# Proof: By Euclid

• For let $CA$ be laid down so as to be straight-on (with respect) to $AD$.
• Thus, $EA$ is also straight-on (with respect) to $AB$ [Prop. 1.14].
• And let $BD$ have been joined.
• Therefore, since triangle $ABC$ is equal to triangle $ADE$, and $BAD$ (is) some other (triangle), thus as triangle $CAB$ is to triangle $BAD$, so triangle $EAD$ (is) to triangle $BAD$ [Prop. 5.7].
• But, as (triangle) $CAB$ (is) to $BAD$, so $CA$ (is) to $AD$, and as (triangle) $EAD$ (is) to $BAD$, so $EA$ (is) to $AB$ [Prop. 6.1].
• And thus, as $CA$ (is) to $AD$, so $EA$ (is) to $AB$.
• Thus, in triangles $ABC$ and $ADE$ the sides about the equal angles (are) reciprocally proportional.
• And so, let the sides of triangles $ABC$ and $ADE$ be reciprocally proportional, and (thus) let $CA$ be to $AD$, as $EA$ (is) to $AB$.

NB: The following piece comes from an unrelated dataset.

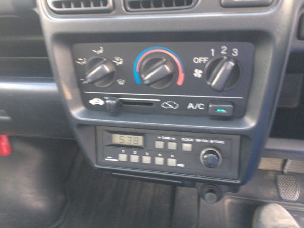 型式はHA7というもの。エアコンが効かないということで入庫してきました。症状を確認するとまずは風が出ない。ブロアモーターが不良です。風が出ないだけなのか、さらにエアコン自体も効かないのかは現段階で不明なので、とりあえず先にブロアモーターの修理をさせてもらうことに。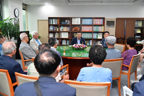 서울 중랑구는 지난 23일 경로당 회장단 22명을 구청으로 초청해 민선7기 1주년 기념 ‘경로당 회장단 정책 공유 간담회’를 개최했다. 사진은 간담회에 참여한 류경기 구청장(가운데)이 경로당 회장단과 이야기를 나누고 있는 모습. (사진제공=중랑구청)

• I say that triangle $ABC$ is equal to triangle $ADE$.
• For, $BD$ again being joined, since as $CA$ is to $AD$, so $EA$ (is) to $AB$, but as $CA$ (is) to $AD$, so triangle $ABC$ (is) to triangle $BAD$, and as $EA$ (is) to $AB$, so triangle $EAD$ (is) to triangle $BAD$ [Prop. 6.1], thus as triangle $ABC$ (is) to triangle $BAD$, so triangle $EAD$ (is) to triangle $BAD$.
• Thus, (triangles) $ABC$ and $EAD$ each have the same ratio to $BAD$.
• Thus, [triangle] $ABC$ is equal to triangle $EAD$ [Prop. 5.9].
• Thus, in equal triangles also having one angle equal to one (angle) the sides about the equal angles (are) reciprocally proportional.
• And those triangles having one angle equal to one angle for which the sides about the equal angles (are) reciprocally proportional are equal.
• (Which is) the very thing it was required to show.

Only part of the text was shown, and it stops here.